Сапоги Маврику были куплены в сапожном ряду. Скроить, сшить «обнакновенную одевку» из чертовой кожи и для медлительной Екатерины Матвеевны было делом дня. Что же касается Манефы, ей было сказано так:
— Манефа Мокеевна, вы были разборчивой невестой, и я была разборчивой невестой. Вы не захотели выходить замуж, и я не захотела. Вам трудно живется, и мне нелегко.
И неожиданно для Екатерины Матвеевны Манефа прослезилась.
— Не хотела я обижать вашего мальчика, — вдруг перешла она сразу к делу, поняв, зачем пришла к ней эта степенная, всеми уважаемая Екатерина Зашеина, — да сатана во мне верх берет.
— Это и со мной случается, — покривила душой Екатерина Матвеевна. Не надо поддаваться ему, Манефа Мокеевна. Не надо, ну да не мне вас учить…
Екатерина Матвеевна без обиняков стала говорить о плохом осеннем пальто Манефы, о малом жаловании в церковноприходских школах и о том, что Маврик неусидчив и плохо пишет, что ему нужно терпеливо внушить, как важно научиться выводить буквы. А так как научить этому Маврика нелегко, поэтому Екатерина Матвеевна решила сшить терпеливейшей из терпеливых учительниц, Манефе Мокеевне, модное и солидное пальто, сукно которого давно уже куплено.
— Я стеснялась предложить это вам, Манефа Мокеевна, летом… Я не знала, какая вы простая и сердечная женщина… А теперь я вижу…
— И я ведь не знала, какая вы, Катенька, — сказала Манефа, проверяя по лицу Зашеиной, не оскорбляет ли ее употребление слова «Катенька» вместо полного имени с отчеством.
Но Екатерина Матвеевна постаралась не обратить внимание на это. Для Маврика она готова поступиться и не этим.
Был рассмотрен фасон, затем снята мерка и…
III
И положение Маврика в школе круто переменилось. Манефа не обладала и малой долей такта. Она велела классу встать, а затем объявила, указывая на Маврика:
— Кто это? Это внук Матвея Романовича Зашеина, которого знают и помнят ваши отцы и ваши деды за его добрые дела. И если кто-то из вас тронет хоть пальцем или, случаем, и не нарочно толкнет или обзовет его разными словами, потом пусть пеняет на себя. Сядьте. А ты, Байкалов, выйди к доске и повтори.

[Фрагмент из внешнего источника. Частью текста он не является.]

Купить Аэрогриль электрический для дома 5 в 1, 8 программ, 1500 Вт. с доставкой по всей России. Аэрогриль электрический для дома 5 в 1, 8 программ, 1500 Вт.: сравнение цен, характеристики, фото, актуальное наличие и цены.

Манефа Мокеевна, взяв за плечо Байкалова, помогла ему выйти из-за парты. Помогла так, что драчливый ученик готов был взвыть от боли. Короткие сильные пальцы Манефы Мокеевны могли бы, сжавшись, покалечить плечо Байкалова. Но нажим был в половину силы. Хотя и этого было достаточно, чтобы Байкалов понял, что его может ожидать, если он снова посмеет ударить Толлина.

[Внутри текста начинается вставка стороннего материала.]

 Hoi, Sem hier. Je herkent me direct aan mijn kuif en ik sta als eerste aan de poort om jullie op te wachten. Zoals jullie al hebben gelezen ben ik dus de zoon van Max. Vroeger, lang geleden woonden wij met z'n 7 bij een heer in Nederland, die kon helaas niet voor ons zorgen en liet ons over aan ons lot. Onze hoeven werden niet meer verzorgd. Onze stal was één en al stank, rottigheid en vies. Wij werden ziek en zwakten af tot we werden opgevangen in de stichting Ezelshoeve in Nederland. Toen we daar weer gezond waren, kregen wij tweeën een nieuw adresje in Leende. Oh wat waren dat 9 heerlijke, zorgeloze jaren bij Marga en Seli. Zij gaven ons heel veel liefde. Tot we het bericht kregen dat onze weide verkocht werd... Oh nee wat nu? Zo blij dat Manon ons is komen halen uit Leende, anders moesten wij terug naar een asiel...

— Повтори, что я сказала, Байкалов!
И Байкалов стал повторять:
— Кто это? Это внук Матвея Романовича Зашеина, которого… которого…
— Которого знают и помнят, — властно подсказала Манефа Мокеевна, ваши отцы и ваши деды…
Байкалов повторял подсказываемое. И только после того, как он заучил слово в слово предупреждение учительницы, ему было позволено сесть за парту.
— А сейчас выньте тетрадки и пишите то, что я вам велю.
Началась диктовка. Байкалов не мог поднять руки.
— Сохнет, что ли, рука, Байкалов? Или, может быть, боится писать?
— Не знаю, — ответил Байкалов.
— Ну, коли не знаешь, возьми книжки, пойди домой и спроси у отца, что случилось с твоей рукой. Завтра тоже не приходи. Марш! А вы пишите… «Осень!..» Знак восклицания… «Осыпается… весь… наш… бедный…» Слово «бедный» пишется через букву «ять»… «весь… наш… бедный… сад». Точка.
Байкалов покинул притихший класс. Было слышно, как скрипели перья. Маврик, остриженный наголо, в шагреневых сапогах, в топорщащейся новой «одевке» из чертовой кожи, писал с трудом, пропуская буквы. Перо не слушалось. Руки дрожали. Ему стыдно было поднять глаза.
Что теперь будет с ним? Что будет теперь?
А было плохо. Совсем плохо.
Маврика никто больше не трогал. Но никто и не разговаривал с ним. Ему уступали дорогу. Подчеркнуто сторонились, чтобы «случаем» не задеть, не толкнуть его.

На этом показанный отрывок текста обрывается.